A data scientist working in search can identify an image of a cookie as a cookie when presented with several types of cookies because the features and classifiers are obvious. But to train an algorithm to diagnose a disease from an MRI image, the data scientist has to determine inconspicuous features to extract and hand craft their network to train these complex features. This data scientist does not have billions of images at their disposal to determine appropriate classifiers and yet are looking to train and coordinate a set of very complex features.
Specialized Deep Learning will be the future standard
On a grander note, fields that require Specialized Deep Learning will soon gather more data. When Specialized Deep Learning is applied across Big Data (greater than 1 petabyte) I imagine we’d be able to glean insights previously unthinkable, such as generating psychological traits from a person’s genetic profile very precisely.
Until all fields have a data repository as big as Google or Facebook (Quadrant B), I think Deep Learning engineers will exist separately (split between Generalized Deep Learning and Specialized Deep Learning engineers) as their different approaches work for their individual objectives.
Shalini Ananda, PhD.
Yann LeCun’s Response:
I don’t disagree with you.
I have been confronted with many Quadrant C problems in my career. Much of our research on deep learning in the mid-2000s was actually focused on unsupervised learning precisely because most of the datasets we had were squarely in Quadrant C.

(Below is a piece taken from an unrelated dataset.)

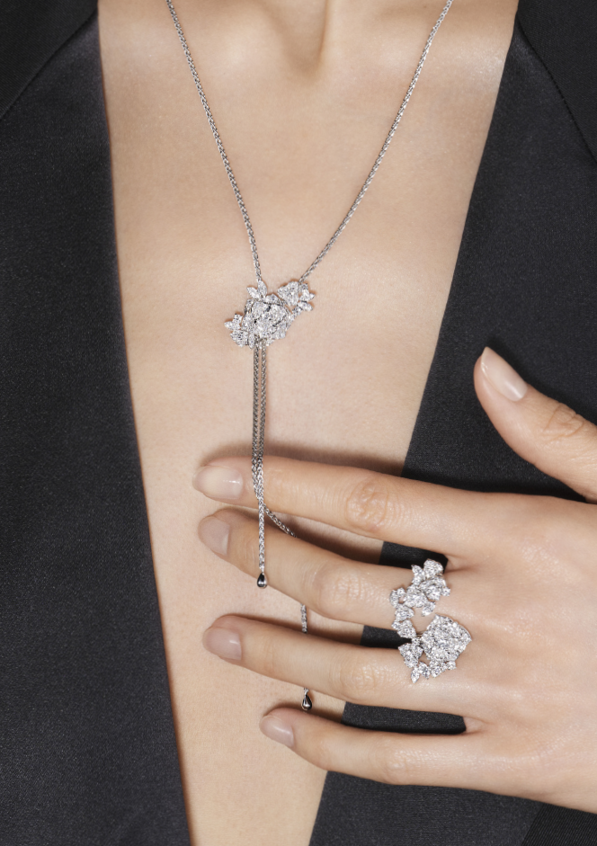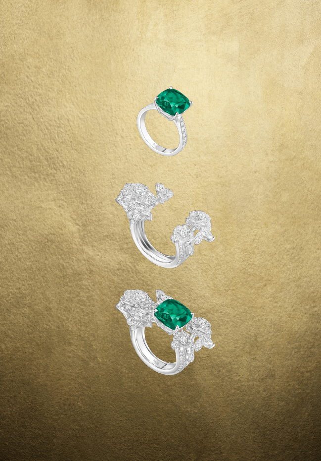 The Piaget Rose flourishes in the radiance of golden sunlight, an enduring inspiration to the Maison’s creativity and craftsmanship. This spring, a lively capsule collection presents a delectable bouquet of newly bloomed diamondset Rose jewels, with flashes of vibrant, leaf green emeralds. Poised between naturalism and abstraction, these are roses that grow in lush abundance from bud to blossom, spreading across the hand on between-the-finger rings, or climbing up around the ears, playfully mismatched with a single earring designed as marquise-diamond leaves clustered around a centre emerald.

Computer vision datasets for object recognition may be large now (though not petabyte-large) but they were rather small until very recently.
In the early 2000s, the “standard” dataset for object recognition was Caltech-101, which had only 30 training samples per category (and 101 categories). Convolutional nets didn’t work very well compared with more conventional methods because the dataset was so small. But we did invent several unsupervised techniques to deal with that, as well as several new operators that are now common in deep learning (such as ReLUs and contrast normalization). It’s only since 2010 with datasets like LabeLMe and ImageNet that computer vision datasets have been large enough to train large convolutional nets on natural images.
I do agree that the future is in unsupervised learning, and I say so in the interview. In fact, we got pretty good results using a combination of unsupervised and supervised learning on tasks like pedestrian detection where the dataset we had access to only had a few thousand pedestrian images in it.
I’m essentially lamenting about the fact that all the nice work we did on unsupervised learning has not really paid off so far, because supervised learning works so well with lots of labelled data and collecting more labelled data is often the most efficient way to get good performance.